Alexandra – (Russie – 1h32) d’Alexandre Sokourov avec Galina Vishnevskaya, Vasily Shetvtsov…
Les films de Sokourov se constituent autour d’une règle immuable à laquelle il est difficile d’échapper : celle de la cellule, de son fonctionnement primaire et fascinant, de son étonnante insoumission…
Grand-mère et fils
Les films de Sokourov se constituent autour d’une règle immuable à laquelle il est difficile d’échapper : celle de la cellule, de son fonctionnement primaire et fascinant, de son étonnante insoumission aux lois de la temporalité cinématographique. Chez l’auteur de L’Arche russe, il ne semble pas exister de récit, de corps, ni même de film en dehors de cette structure originelle.

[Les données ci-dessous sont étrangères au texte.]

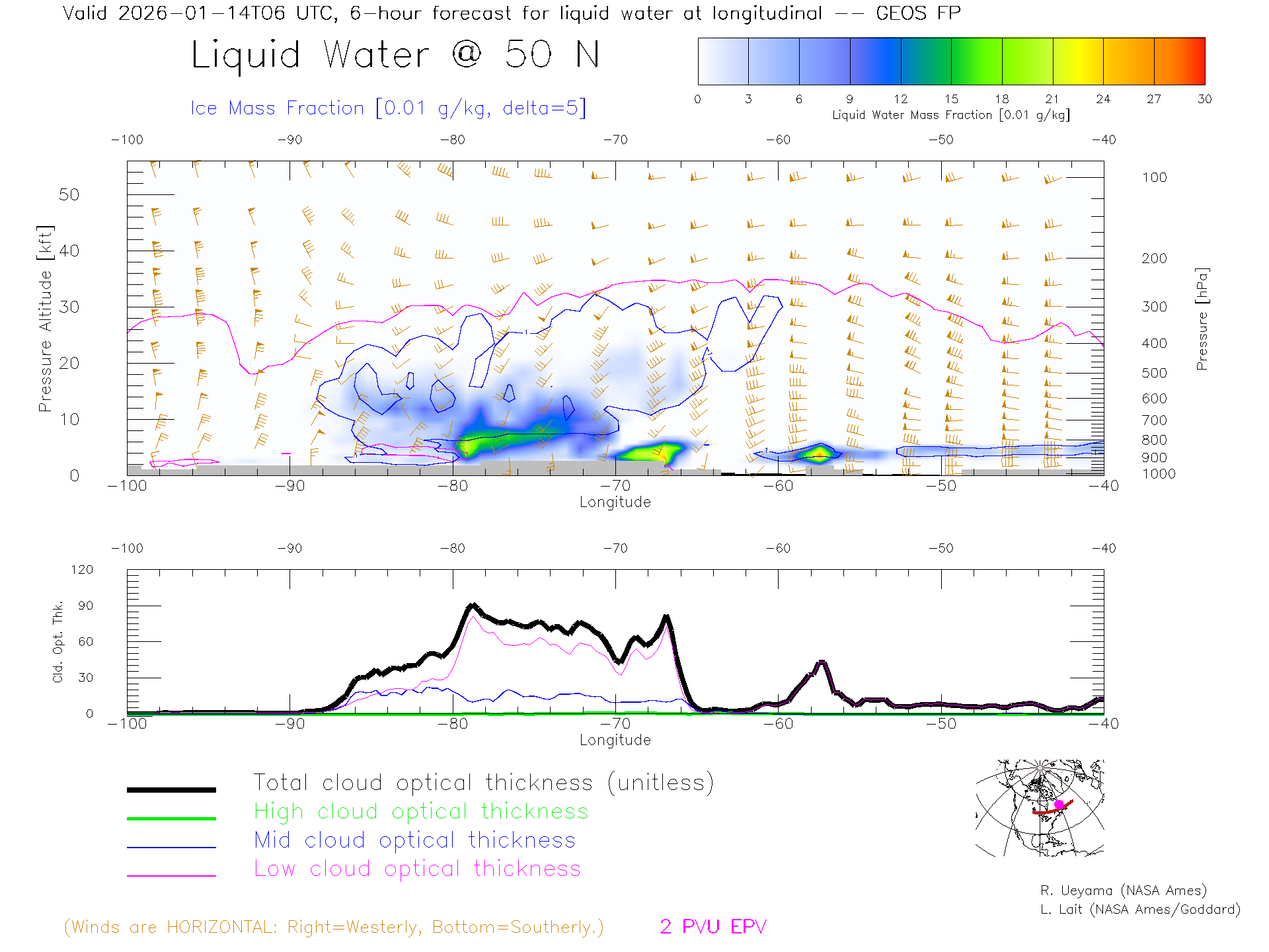 GEOS Forecast Cloud Water Content X-Section (50 N)

D’où l’abstraction solaire de chaque plan, mais surtout une capacité sidérante à s’extirper du réel en étirant infiniment les dimensions de la projection. Ce système, éprouvé depuis Mère et fils, est évidemment à l’œuvre dans Alexandra, étrange réflexion sur la guerre où une grand-mère rejoint son officier de petit-fils dans un camp retranché en Tchétchénie. En choisissant de suivre pas à pas les courbes sinueuses de cette vieille femme qui soliloque (comme beaucoup de ses personnages), Sokourov opte délibérément pour une mise en scène de la transgression dans un contexte (la guerre) où il s’agit pourtant de tenir son camp. Conçue comme un champ d’expérimentation, la cellule (familiale) ne semble plus suffire et le salut du film passe par une mise en danger de ses propres structures. L’intelligence du cinéaste est alors de ne pas traiter frontalement la question tchétchène mais bien de questionner les mécanismes de l’oppression, de ce qui ressemble finalement à une affaire d’ingestion et de lignes qui quadrillent l’horizon. Comme cette frontière que fixe inlassablement le jeune garçon tchétchène. Comme celle qu’Alexandra franchit, en vain, jusqu’au magnifique plan final.